I swallowed. Was I truly about to get onto Langnathin’s dragon? The same creature who believed she had burned my hopes and ambitions to the ground? I knew now the depths of a dragon’s feeling; her emotions were as thick and deep as any root or lake.
My boots moved before my head had caught up, moving from the bouncing wood to the claws of deep mud. I pulled my feet across the terrain, my hands shaking as I reached Chaethor’s side.
I looked up at her huge eye, and she stared back down at me with an expression I could not name. I nodded to her, as I had to Vellintris. Then she shifted, lowering her wing. The wing of a murderer of nobles, the mount of my enemy.
I reached up with gloved hands that shielded me from her probable ire.
I pulled myself up by my arms, my legs not in a fit state to flex that high, and fell gracelessly over the joint of her wing, twisting my body so I didn’t land on the baby attached to my front.
My breath huffed out inelegantly as my hands scrambled for purchase.
Then, I was weightless. Langnathin grabbed me by my coat, like some drowning kitten, and pulled me up until I was across his lap, staring up at the sky. I shook my head, dazed, and then quickly pushed myself up to a seated position, settling before him in the saddle .
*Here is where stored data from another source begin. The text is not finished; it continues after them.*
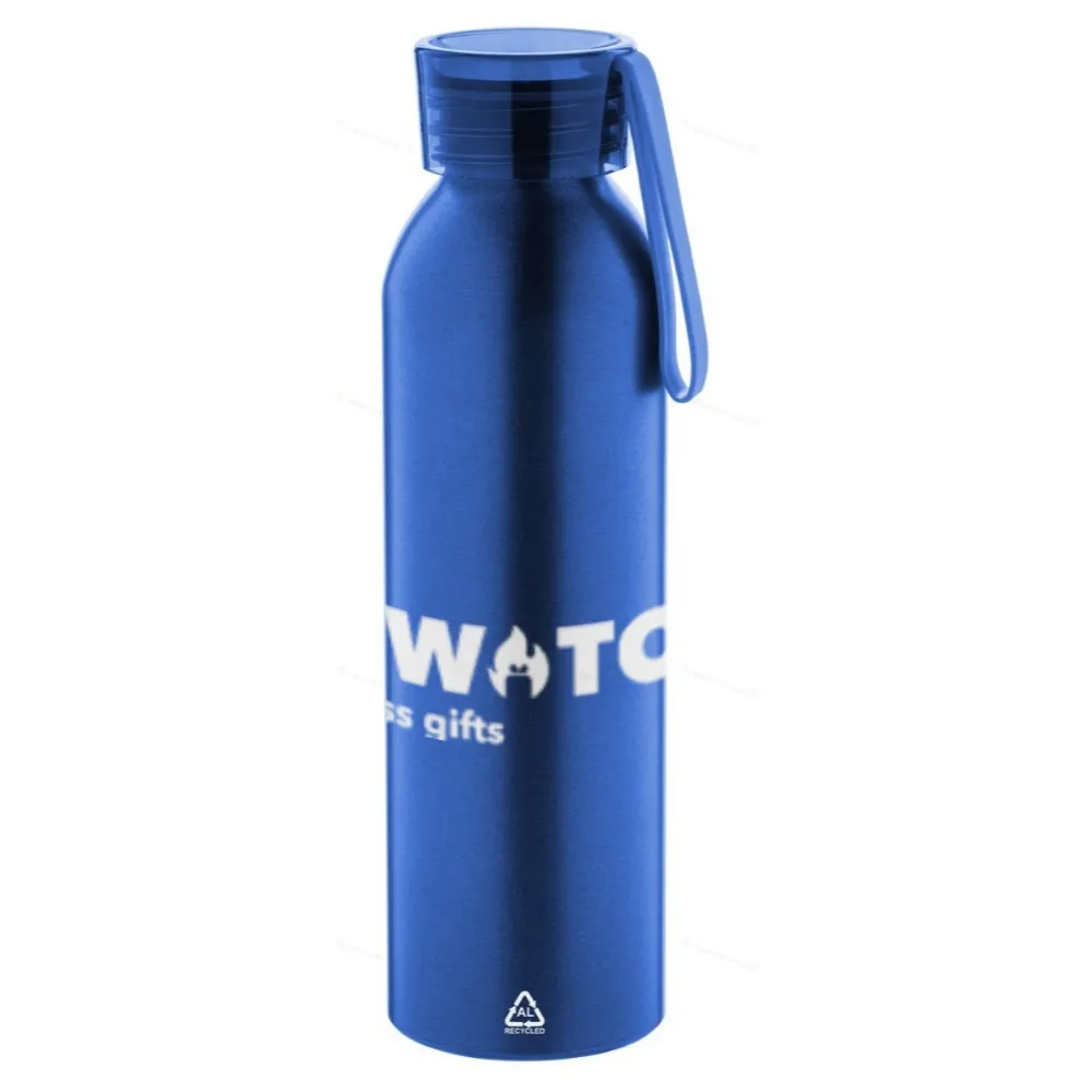 Переработанная алюминиевая спортивная бутылка с крышкой в соответствующем цвете и силиконовым ремешком для переноски, 600 мл.
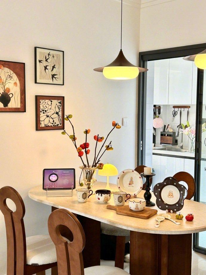 暖色系客餐厅,餐桌选对直接封神|主打🟤🟠⚪️暖色系
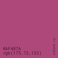 Цвет #AF487A в цветовой модели RGB обозначается тремя октетами (175, 72, 122) в десятичном формате и #AF487A в шестнадцатиричном (hex) формате, которые являются интенсивностью красного 175 (hex AF), интенсивность зелёного 72 (hex 48) и интенсивность синего 122 (hex 7A).
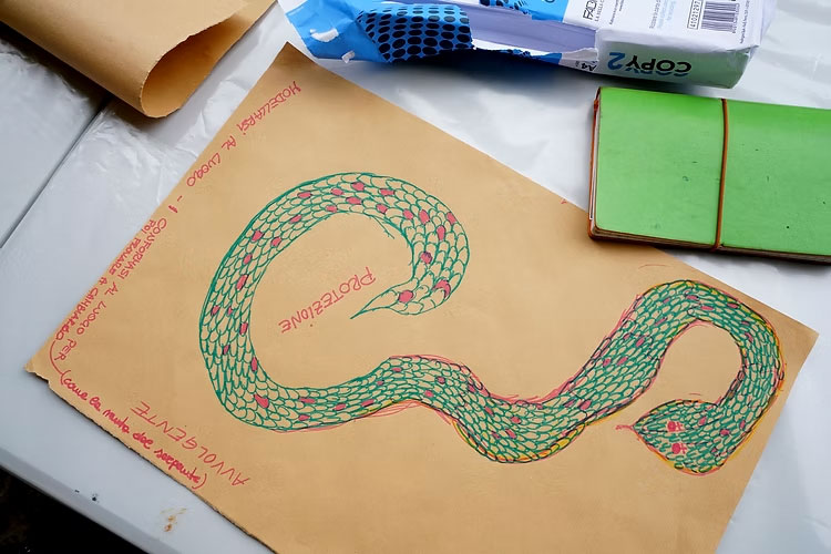 Attraverso questo lavoro abbiamo desiderato ascoltare un’altra Corviale, evocando il potere rigenerativo della Dea perché il serpente facesse la muta, abbiamo desiderato raccontare un’altra storia, non quella stereotipata di violenza e abbandono, ma un altro mito fondativo, un mito-eco-poietico per ricollegarci anche alle diverse forme di vita e di resistenza che crescono tutt’intorno all’edificio, al selvatico, all’incolto, a piante e ad animali che popolano questi luoghi e che possono comporre un nuovo vocabolario Marginale/Incivile/Fragile/Resistente/In-festante/Selvatico/Migrante…
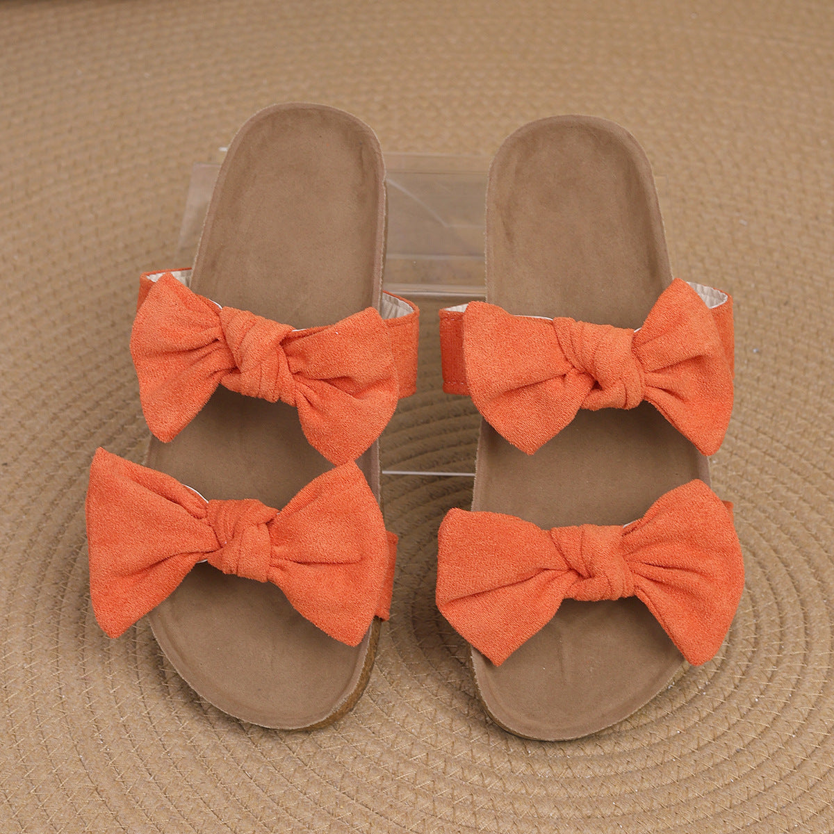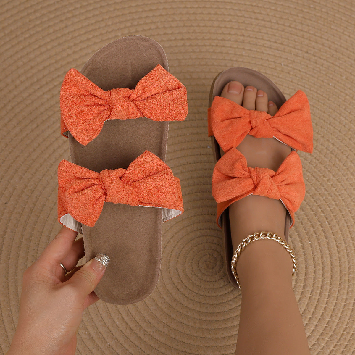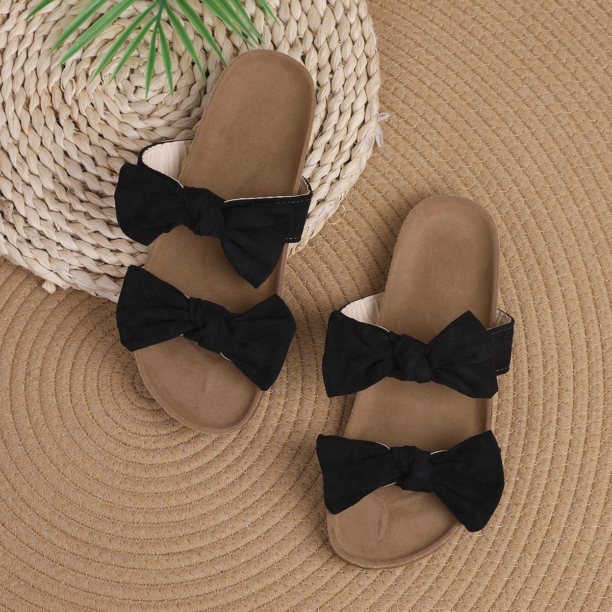 Plus Size Bow One Word Slippers Women Flat Outdoors Sandals Flat Slippers

My cheeks blazed, my leg throbbed, and at my chest, my warming pile of tiny wings and retracted claws stirred. None of my flesh had touched the dragon beneath me, though, and as such I didn’t have to suffer Chaethor’s likely glee at my sprawling climb.
“Are you ready?” Langnathin asked, his arms tightening as he reached around my body to hold onto the saddle’s handle.
I sucked in a breath as his voice tickled my ear.
I, too, grabbed the handle, my covered hands inside of his.
In front, Chaethor stretched, her neck rearing back, and then she huffed close to the ground.
I tipped forwards with her movement, and steadied myself, pressing more firmly back against the Dragon Prince.
“I think so,” I said.
Chaethor let out a screech and planted her wings firmly down. Then she pushed off, and all of my breath escaped my lungs in one moment as she threw herself into the air, beating her wings furiously.
The light of dawn cracked behind us as we soared up past the tree line and into the sky.
Scared. Go?
I pulled one hand from its clawing grip on the saddle and reached into my coat. Despite the frigid wind streaming past us, this was something he needed to see. I opened the top of it. Feel this.
He wriggled against my chest, nudging the moonstone out of the way, and poked his head out of the opening. Air.
Your first flight, little one.
He tasted the air, the wind, the day, opening his small mouth to it. Then he buried himself back into the warmth of my coat. I closed it back up with a smile.
Then I turned my eyes to the horizon. Below us, I could already see the edge of the forest in the far distance. Beyond it, the Flourine Mountains. Manniston would be next, and then, Droundhaven.
I was flying towards my Fate, whether I liked it or not. And flying right along with me was the man I had to force to marry me somehow.
It was unfathomable, all of it. And yet, soaring on dragonback, it all felt possible.